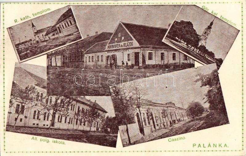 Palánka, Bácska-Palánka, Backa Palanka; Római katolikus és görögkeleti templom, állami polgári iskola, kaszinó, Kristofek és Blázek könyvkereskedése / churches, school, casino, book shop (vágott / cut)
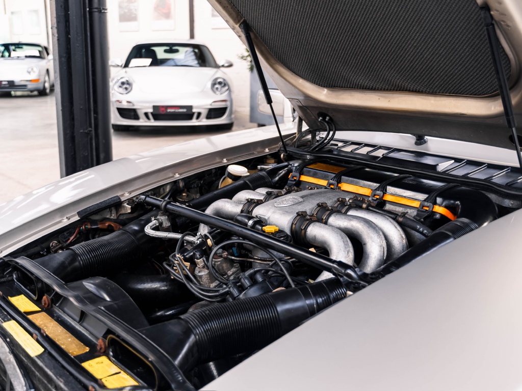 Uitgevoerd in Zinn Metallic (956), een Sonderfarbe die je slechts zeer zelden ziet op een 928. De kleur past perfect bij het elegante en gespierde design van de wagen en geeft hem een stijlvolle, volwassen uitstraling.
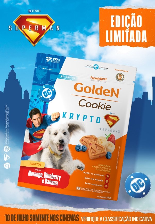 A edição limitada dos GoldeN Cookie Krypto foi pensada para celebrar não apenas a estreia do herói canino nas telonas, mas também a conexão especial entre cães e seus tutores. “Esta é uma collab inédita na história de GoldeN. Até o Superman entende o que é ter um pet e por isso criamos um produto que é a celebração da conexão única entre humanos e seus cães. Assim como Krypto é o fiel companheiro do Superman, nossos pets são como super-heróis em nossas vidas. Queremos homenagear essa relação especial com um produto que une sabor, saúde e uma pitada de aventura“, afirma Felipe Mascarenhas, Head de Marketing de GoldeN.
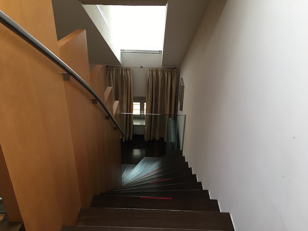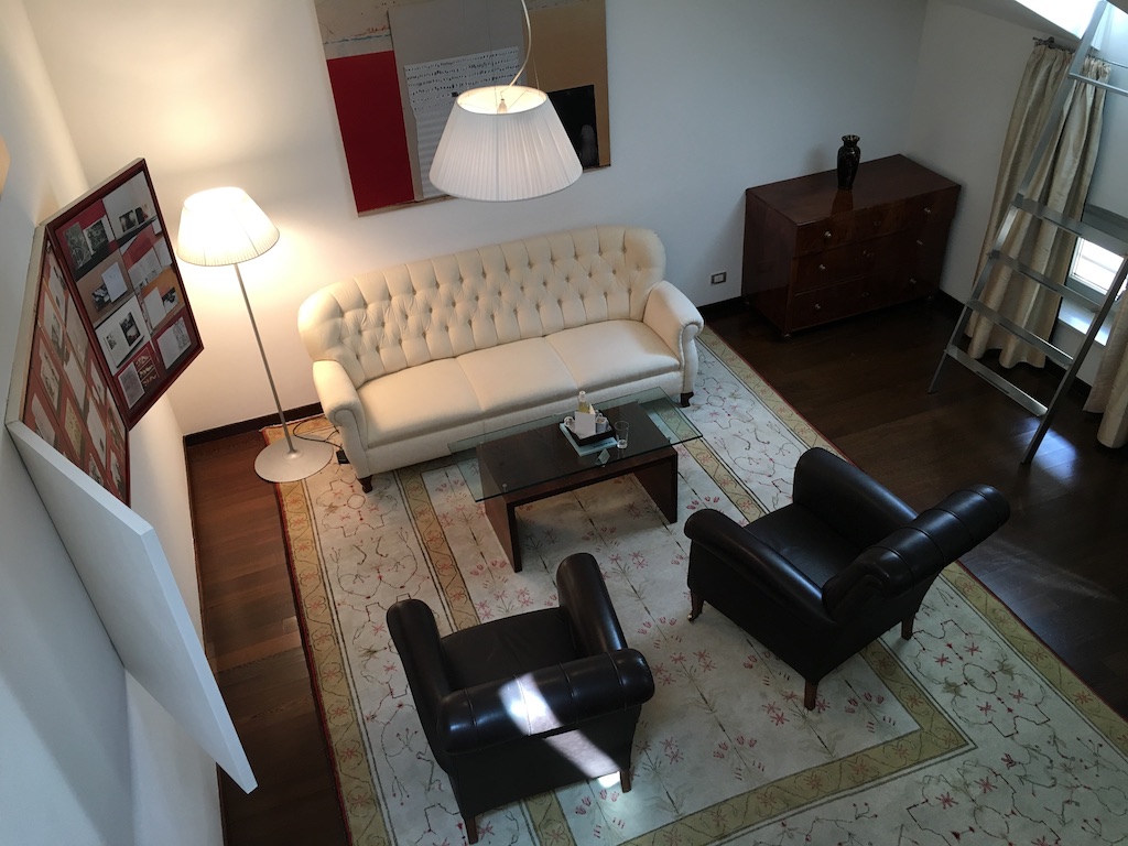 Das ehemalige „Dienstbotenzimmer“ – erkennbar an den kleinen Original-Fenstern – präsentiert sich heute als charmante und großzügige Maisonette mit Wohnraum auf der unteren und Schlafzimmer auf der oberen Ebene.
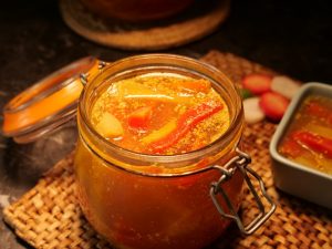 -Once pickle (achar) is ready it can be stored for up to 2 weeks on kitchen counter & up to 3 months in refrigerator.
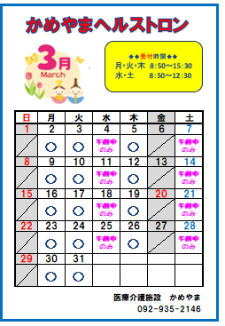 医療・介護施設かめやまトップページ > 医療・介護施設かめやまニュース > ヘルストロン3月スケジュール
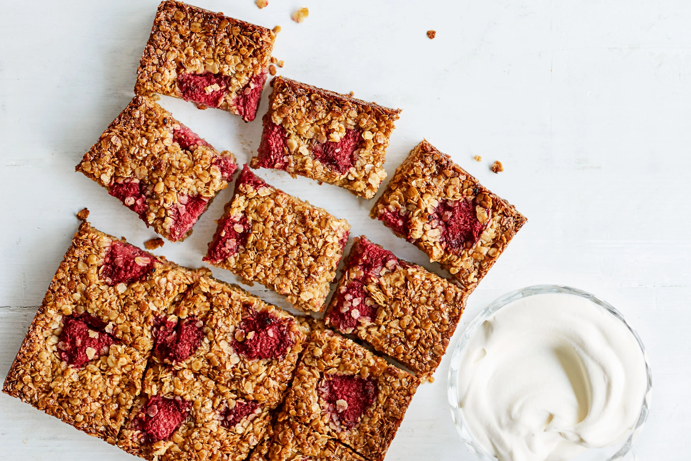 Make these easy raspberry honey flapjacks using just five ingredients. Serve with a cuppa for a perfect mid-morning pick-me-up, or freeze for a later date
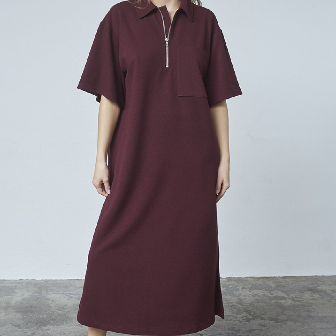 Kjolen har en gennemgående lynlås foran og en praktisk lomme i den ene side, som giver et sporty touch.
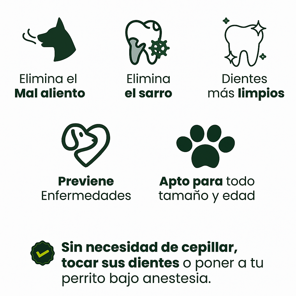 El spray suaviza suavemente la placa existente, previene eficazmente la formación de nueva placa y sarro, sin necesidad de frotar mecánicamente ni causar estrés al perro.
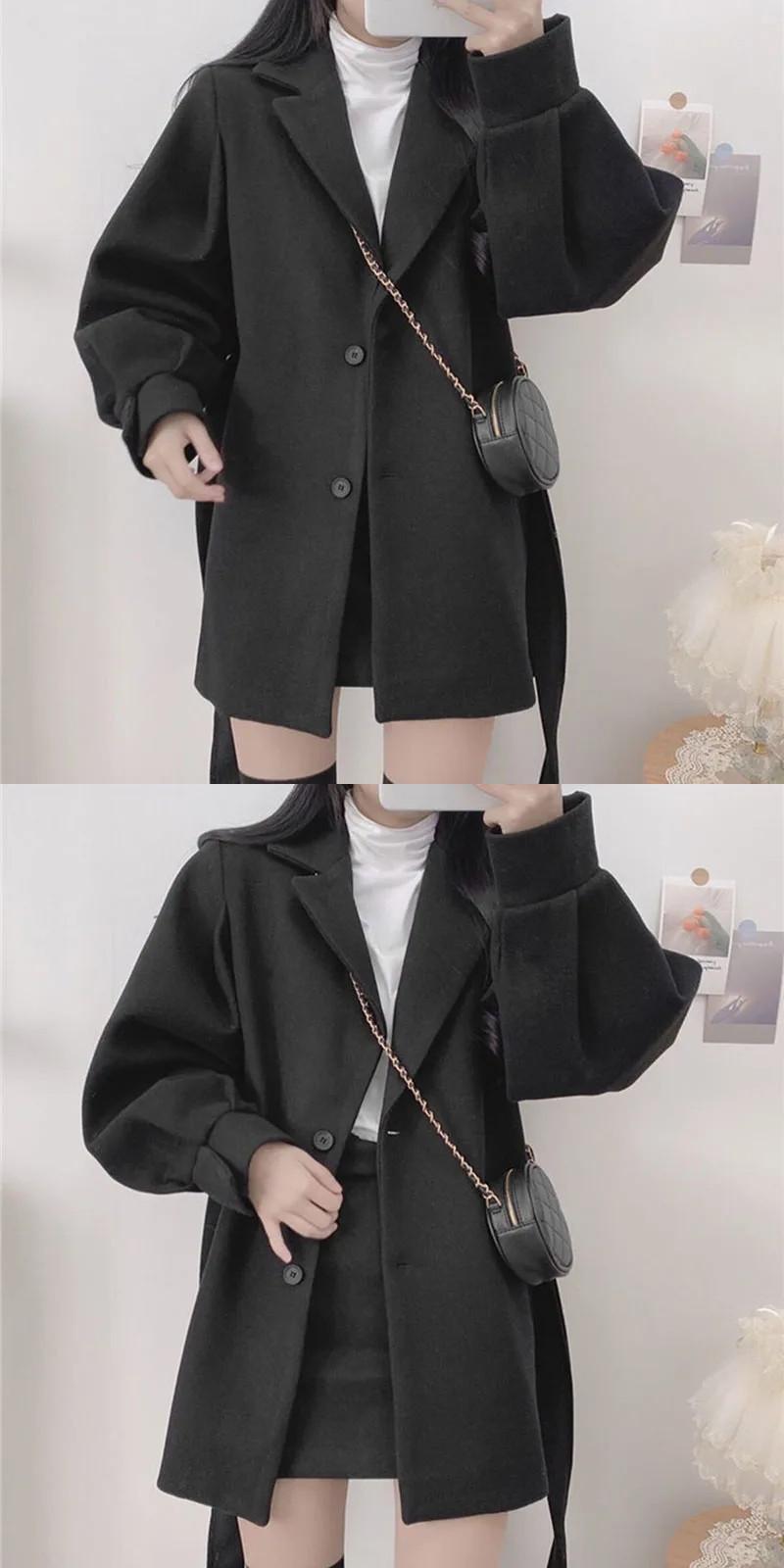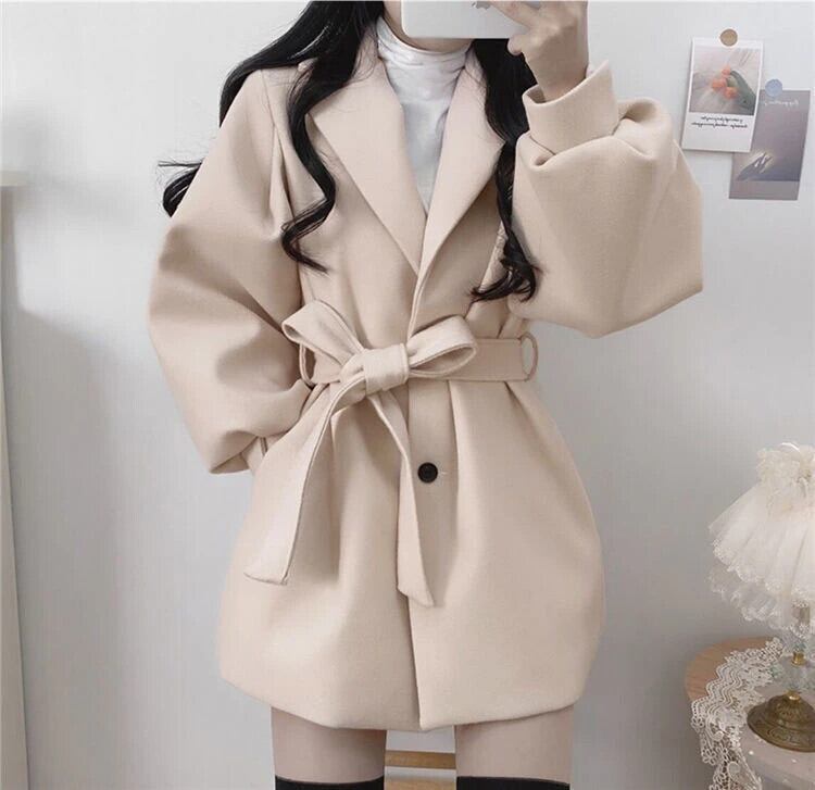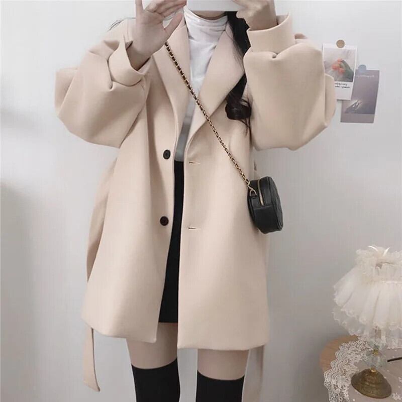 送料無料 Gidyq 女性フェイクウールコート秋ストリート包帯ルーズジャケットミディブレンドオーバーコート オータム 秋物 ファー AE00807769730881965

****************

Your assignment –
Your task is to retype, exactly and only, the lines from the line holding "der oberen Ebene." through the final line of the data above, with both ends kept. Drop the pictures.

Exercise answer –
 Das ehemalige „Dienstbotenzimmer“ – erkennbar an den kleinen Original-Fenstern – präsentiert sich heute als charmante und großzügige Maisonette mit Wohnraum auf der unteren und Schlafzimmer auf der oberen Ebene.
 -Once pickle (achar) is ready it can be stored for up to 2 weeks on kitchen counter & up to 3 months in refrigerator.
 医療・介護施設かめやまトップページ > 医療・介護施設かめやまニュース > ヘルストロン3月スケジュール
 Make these easy raspberry honey flapjacks using just five ingredients. Serve with a cuppa for a perfect mid-morning pick-me-up, or freeze for a later date
 Kjolen har en gennemgående lynlås foran og en praktisk lomme i den ene side, som giver et sporty touch.
 El spray suaviza suavemente la placa existente, previene eficazmente la formación de nueva placa y sarro, sin necesidad de frotar mecánicamente ni causar estrés al perro.
 送料無料 Gidyq 女性フェイクウールコート秋ストリート包帯ルーズジャケットミディブレンドオーバーコート オータム 秋物 ファー AE00807769730881965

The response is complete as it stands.